“Monkey Kingdom”
Disney
1 hour, 21 minutes
You really have to hand it to Walt Disney. Despite being a massive corporate monolith, their Disneynature series continues to promote both environmental education and champion environmental and positive social causes throughout the world. Or at least that’s what the introductory video to this week’s “Monkey Kingdom” says. I don’t really know how effective or serious Disney is about the causes they endorse, but at the very least, the Nature series can at least serve to whet kids’ interest for real science once they get older.
Disney’s hook in these nature films is that instead of a straightforward documentary, they are telling a story with a narrative arc, replete with heroes and villains. The heroine of “Monkey Kingdom” is Mya, an ordinary, run of the mill macaque monkey living at the bottom of the social ladder in what is known as “the Temple Troop,” so-named for the ancient ruined city where the monkeys make their home.
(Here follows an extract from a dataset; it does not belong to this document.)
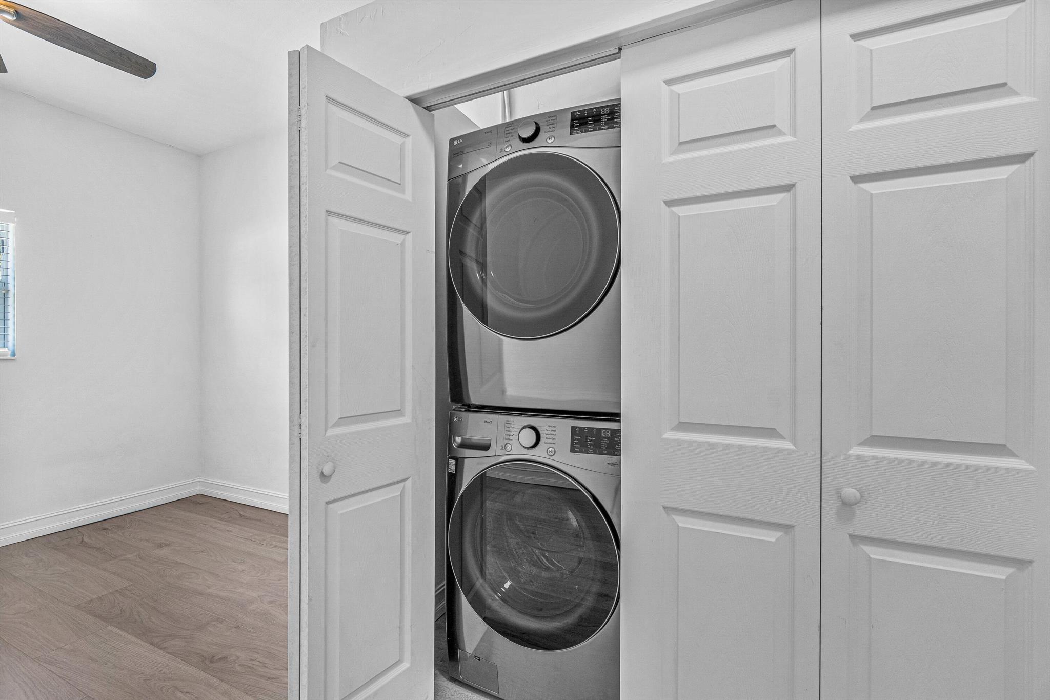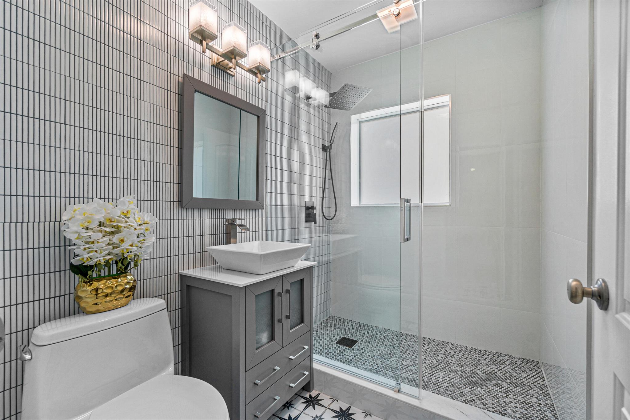 This beautiful mid-century modern home in Lake Worth Beach is a walker's paradise, located in the Historic Jewell District just steps away from downtown restaurants and shops. The 3 bedroom, 2 bath home has been completely renovated to suit todays contemporary lifestyles, with all new floors, appliances, and energy-efficient central HVAC, Doors, SS Appliances and Bathrooms. The oversized quartz island in the kitchen is perfect for entertaining guests, and the front-loading washer/dryer makes laundry day a breeze. The home also features a completely new spa-like bathroom with all new fixtures, doors, and fresh paint inside and out. The lush, private fenced-in yard is professionally landscaped with plenty of palm trees and is irrigated on its own well, with lawn services included to keep it

Macaque monkeys live in small groups, numbering a few dozen members, and those groups are strictly hierarchical. The leaders of the troop, Raja and his wives, The Sisters, live at the top, enjoying the choicest fruit and receiving all the grooming a monkey could ask for. Monkeys at the bottom, like Mya, tend to take what they can get, and are treated more like servants. But Mya’s situation isn’t completely hopeless. Much like in nearly any Disney film, an ambitious and handsome young prince from a rival kingdom has arrived and taken a shine to Mya. Kumar and his lady love could go all the way to the top, but soon the future of the entire troop is in jeopardy. The ruthless and hideously scarred Lex has appeared with a macaque army at his back to challenge Raja and the Temple Troop for the right to live in these hallowed halls.
“Monkey Kingdom” is certainly rich with beautiful photography, and I did learn a lot about macaque monkeys that I didn’t know. But this gets to the heart of the problem with the movie and with Disneynature’s approach to these films as a whole. I don’t really know if I learned much that was accurate. Aside from interesting information you can get from direct observation — such as the fact that macaque monkeys eat the root ball of water lilies and will dive deep to get them, or that the monkeys enjoy gorging on flying termites, there isn’t really any usable science on display here. The “scholarship” of this product is largely non-existent, given over to an anthropomorphic tale of strife, struggle, and triumph. I realize this isn’t the BBC and that these films are directed more at children, but even the most casual viewers of standard nature documentaries will begin to feel they are being duped. This comes into sharp focus during an episode where Mya, starving, leads a cadre of lower class monkeys into the nearby town to raid a children’s birthday party that has been left unattended. For my five and seven year olds, this is a funny scene, with monkeys wreaking havoc on the party decorations and ending with a crazy dismantling of the birthday cake. But for me, all I could think was, “this is a set-up.” Every one of these interior shots is expertly staged, lit, and captured, and unless an entire camera crew just broke into someone’s house, dispassionately following their monkey subjects, and then watched as the monkeys trashed the place, then I am watching animal actors instead of animals in the wild. After this, I began to question everything the movie had posited. What else in the film is a set-up? Do macaque monkeys really live in strict hierarchical groupings? Is the monkey they name Mya really at the bottom of the ladder? Is Mya even always the same monkey? And does it matter?
On the one hand, no. The story is interesting, gripping at times, funny at others, and ultimately adequately entertaining. As I said, my kids enjoyed the movie and the next time they see a macaque monkey in a book or on TV, I bet they’ll remember the name and one or two facts about them. But on the other hand, Disneynature is setting themselves up to be the ecological education arm of Walt Disney, and real science is implied. As an adult viewer, I now trust very little of the information I was given about macaques and that doesn’t do much for the reputation of their ecological education.
Another problem is that “Monkey Kingdom” makes absolutely no effort to place its subjects in any kind of larger global context. I think they may have mentioned Sri Lanka briefly at the beginning of the film, but then again I might have gotten that off the macaque Wikipedia page. The amazing ancient city that provides the setting of “Monkey Kingdom” is never named nor is any information, even cursory, offered about it. (It’s called Polonnaruwa and dates back to 1070 – again, Wikipedia.) There are almost no human beings in the movie, which would be fine except that another tidbit I read is that Polonnaruwa is an active tourist destination where people go specifically to see the macaque monkeys. So it would stand to reason that these monkeys live in at least some kind of proximity to humans, making that part of their story.
None of this really impacts the tale “Monkey Kingdom” is trying to tell, but rather the way Disneynature chooses to tell it. They offer a pretty picture, but I’d like something more than just the same old Disney fairy tale set to monkeys.
Grade: C+
“Monkey Kingdom” is rated G.
Chris Jenness is a freelance graphic designer, artist and movie buff who lives in Nikiski.